Я понимаю, что мы – родственные растения, оба бамбуки, и наша сходная физиология – это единственная причина, по которой я веду хоть сколько-то сложный разговор. Живая изгородь вдоль реки слишком мала, чтобы иметь много разумных корней. Присутствие других снежных лиан вызывает агрессивный рост, а эта изгородь всегда была одна и довольна своей холеной жизнью, паразитируя на осинах и выпуская избыточное количество охранных корней. Тем самым она служит людям, не подозревая об этом.
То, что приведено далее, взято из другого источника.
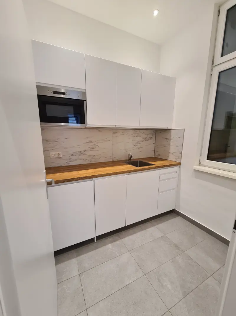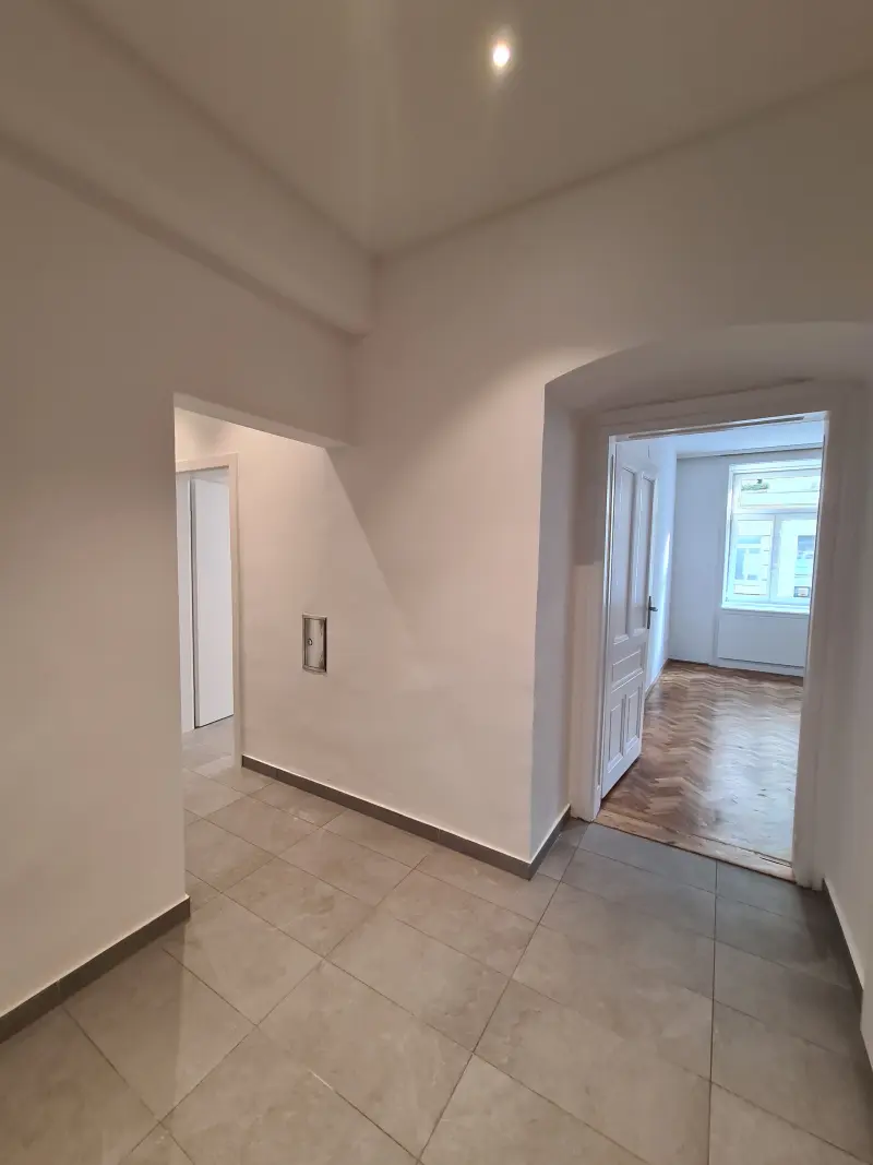 Die ehemalige Hausbesorgerwohnung hat in ihrem ursprünglichen Zweck schon lange ausgedient und wurde zu einer sympathischen Immobilie für eine Bürofläche umgebaut. In knapp 3 Monaten Bauzeit wurde die Wohnung generalsaniert. Ein neues Grundrisskonzept sowie neue Bau-und Haustechnik treffen in der etwa 70m² großen Mieteinheit auf den Charme der Gründerzeit, denn es wurde, wo es möglich war, der historische Parkett saniert und auch die stilvollen Fensterumrahmungen belassen.

Ей не нужен разум, совершенно не нужен.
«Измени сок жукам, – повторяю я в надежде, что повторение само по себе окажется убедительным. – Большие животные есть жуки».
«Жуки не есть плоды».
«Большие животные есть жуки».
«Большие животные есть жуки», – повторяет снежная лиана.
Я добился прогресса.
«Да, – говорю я. – Измени сок жукам».
«Большие животные есть жуки».
«Да. Измени сок жукам. Вот так».
«Жуки есть сок, – говорит она. – Жуки – вредители».
«Жуки хорошие. Большие животные есть жуки как плоды».
Снежная лиана выдает какие-то бессмысленные химические соединения и наконец говорит: «Жуки как плоды». Это – значительный прогресс.
«Жуки как плоды, – соглашаюсь я. – Жуки есть сок. Измени сок. Сок будет управлять двумя животными».
«Сок будет управлять жуками. Большие животные есть жуки».
«Да. Надо изменить сок жукам и животным».
«Я изменю сок жукам и животным».
Наконец-то!
«Да. Измени сок так». Я доставляю ей образцы соединения.
Ох, уж эти растения! Когда-то давно я вел себя так же, как они. Мы росли вместе. Мы переносили ураганы, страдали в засуху, обменивались средствами против вредителей, не подпускали опасные кораллы и пожирающих корни животных, договаривались насчет солнечного света и питательных веществ, устанавливали сроки цветения, чтобы делиться опылителями, распределяли сроки созревания плодов, поддерживая популяции переносящих семена животных. Мы разговаривали примитивно, потому что мышление требует энергии, а самые сильные из нас могли выживать достаточно хорошо, почти не задумываясь, потому что жизнь у нас была примитивной. Я вырос, а они – нет, и мои потребности совмещаются с их потребностями так, как они и представить себе не могут.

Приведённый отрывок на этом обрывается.